Scripts for analysis of small RNA-seq data with a focus on tRNA-derived fragments, particularly CCA-terminating 3' tRFs. These scripts contain absolute file paths from my computing environment at CSHL, provided for reproducibility. Users will need to adjust the paths to match their own system.
- Use index_generation/build_bowtie2_index.sh to build an index from the mature tRNA annotation, minus CCA, downloaded from GtRNAdb (https://gtrnadb.org).
- Use index_generation/build_bowtie2_index.sh to build an index from the genome, optionally with tRNA sequences masked. See index_generation/tRNA_mask_readme.txt for details.
- miRNA annotation. See index_generation/small_RNA_annotation_readme.txt for details. Can be modified to include piRNAs if necessary.
- Install dependencies with conda env create -f small_RNA_seq.
Scripts should be executed in order using the corresponding wrapper script, which will loop through all samples in a directory and submit jobs to run in parallel, except for steps 1 and 9, which are executed directly.
- 0_download_sra.sh : if necessary, download fastq files using the metadata file downloaded from SRA explorer (https://sra-explorer.info) in tsv format.
- 1_adapter_trim.sh : trim adapters and filter by size and quality. Requires one or more adapter sequences in the fastq directory under "adapter.fa".
- 1.5_remove-spike.sh : if necessary, remove spike-in reads for later quantification.
- 2_align_tRF.sh : align reads to the tRNA annotation.
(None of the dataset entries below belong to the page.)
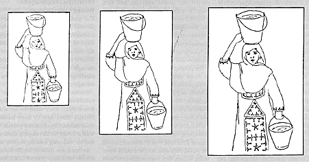 L'autre outil d'évaluation qui a été adapté aux besoins des villageoises est le "calendrier des activités quotidiennes". Cet outil a servi à alimenter les débats sur la routine quotidienne des femmes et leurs activités saisonnières. Comme la réclusion des femmes dans l'enceinte de la famille est un signe de prospérité économique, les femmes n'aiment guère parler de leurs activités extérieures à la maison. Les villageoises avaient du mal à énumérer toutes leurs tâches, et les chefs de groupe ont eu l'idée d'illustrer par des dessins en couleurs ce que les paysannes brahouis peuvent faire pendant la journée. De fait, les femmes ont parlé plus aisément de leurs tâches quotidiennes devant ces images. Si les femmes évoquaient d'autres activités qui n'étaient pas représentées, le chef de groupe dessinait de nouvelles images.
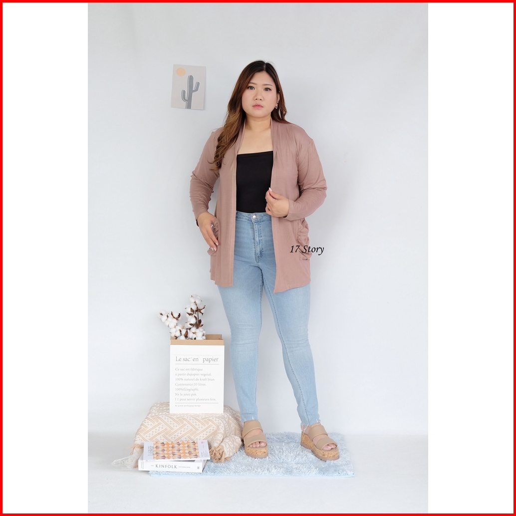 Kardigan Wanita Jumbo Ld 120cm - 140cm Saku Polos Cardigan Polos Big Size Outwear Kardi Oversize
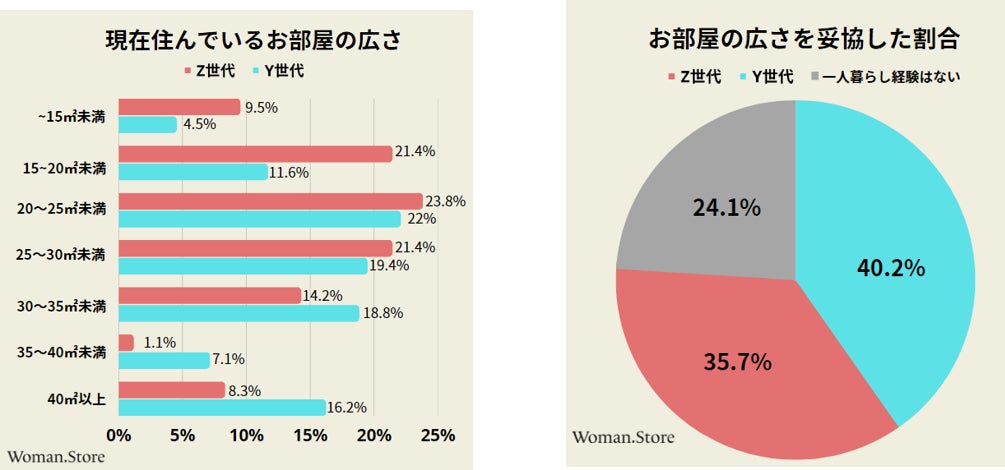 『Woman.Store』(https://store.woman.chintai/)で実施した、お部屋探しに関するアンケートではZ世代とY世代(※1)の女性に分けて結果を分析。「お部屋の広さ」「お部屋探しの際に妥協した家賃幅」「妥協した設備」の3つの項目に分けてお伝えします。
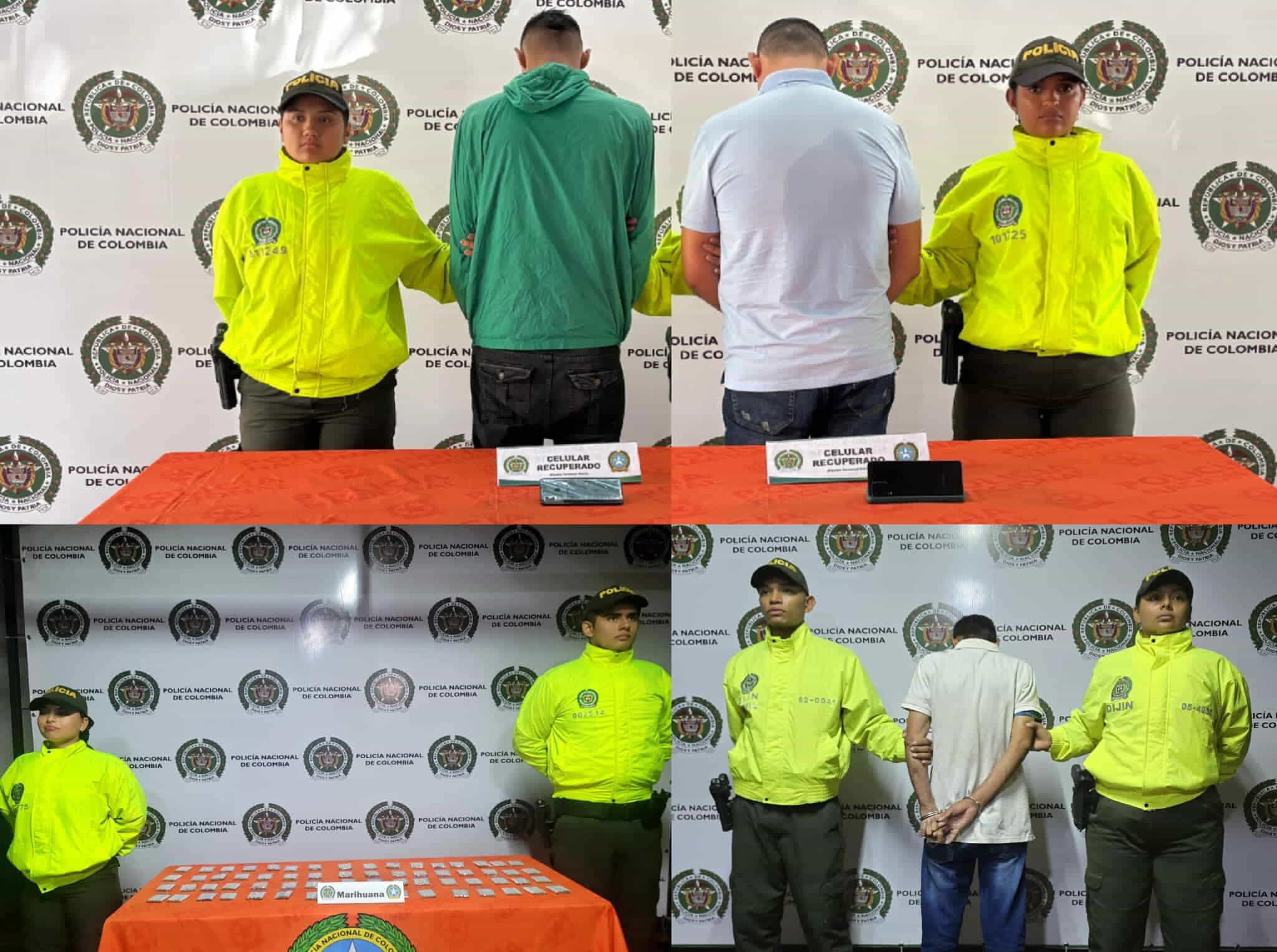 Los capturados y elementos incautados fueron dejados a disposición de la Fiscalía General de la Nación.

- 3_align_remaining.sh : align unmapped reads from the previous step to the genome.
- 4_total_mapped.sh : count the total number of aligned reads for later normalization.
- 5_bed_intersect.sh : intersect reads with the tRNA, miRNA, and piRNA annotations.
- 6_counts_from_bed.sh : classify and count reads. The normalization and count files should be moved to a local folder for further analysis (step 9).
- 7_annnotate_counts.R : pool reads from across samples, normalize to total mapped or spike-in reads, and export for differential expression analysis.